Creative destruction is a woefully underappreciated force in capitalism. Shareholders can lose everything. Debt can be restructured or sold for pennies on the dollar. Debt can go unsold and unpaid, and the creditors can lose everything.

I think here it has to be mentioned that bankruptcy in the United States actually works very differently to bankruptcy in the European Union, where creditors have a lot more legal means at their disposal to haunt you if you try risky plays like taking on more debt to moonshot your way out of your current debt. In a funny way, a country's bankruptcy laws are their most important ones when it comes to wealth transfer.

1 comments

It's also a common misconception in housing debates!

"B-but the developer always has to make the money back so rents & prices can never go down!" "That's the fun part, they don't!"

The builder/buyer/lender/landlord/etc can go bankrupt but as long as the building actually got built, it will carry on and benefit the rest of us, regardless of what happened to the ppl who paid for it to be built.

Also fun when landlords claim to be "housing providers" "No actually, the housing will still be there, even if you sell, even if you lose your shirt and get foreclosed on"

IDK, there are whole developments in FL that are just going to be bulldozed. Same thing happened in TX after the S&L crash 35 years ago.
I’m not familiar with either, but feel free to share a link.

If the buildings, I assume single family houses, were built in places that few people want to live, or places people are simply forced to live because they can’t live where they want to live, then it wouldn’t shock me if someone chose the bulldozer as the best option. I’d argue that the root cause is bad land use law that doesn’t allow construction in the places people really want to live, but that’s a whole other topic of course :)

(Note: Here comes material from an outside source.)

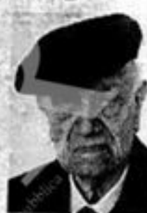
SOCIALISTA Francesco De Martino, ex segretario del Psi. Anche il vecchio leader ha gioito per la vittoria del «no»

Già, proprio quel Garavini che fu estromesso dalla segreteria di Rifondazione comunista per far posto a Fausto Bertinotti. E che tutti, ormai, davano sulla via della onorata pensione. Per non parlare di Armando Cossutta. Sulla Maginot del «no» il leader dei Comunisti italiani può riabbracciare l'amico-nemico Fausto. Due «compagni» ritrovati sotto la stessa

My argument, both for AI, railroads, telecom and construction, is that if you built something tangible and useful, it can outlive your financial arrangements, and go on to serve humanity, even if you go belly up.

But for residential construction, location is everything, you could build a theoretically useful building, but in a location that few people want to voluntarily live in, far from jobs services, shops, friends, and family, etc. Ofc, you could build a railroad between two unpopular destinations, or run a fibre optic line between two places with little demand, and those would probably not outlive your finances and might be torn up or abandoned too.

I looked it up since I was also curious. There’s this story making the rounds right now in FL: https://youtu.be/ia1qP1DmJdg

It seems as if these are developments which didn’t get completed.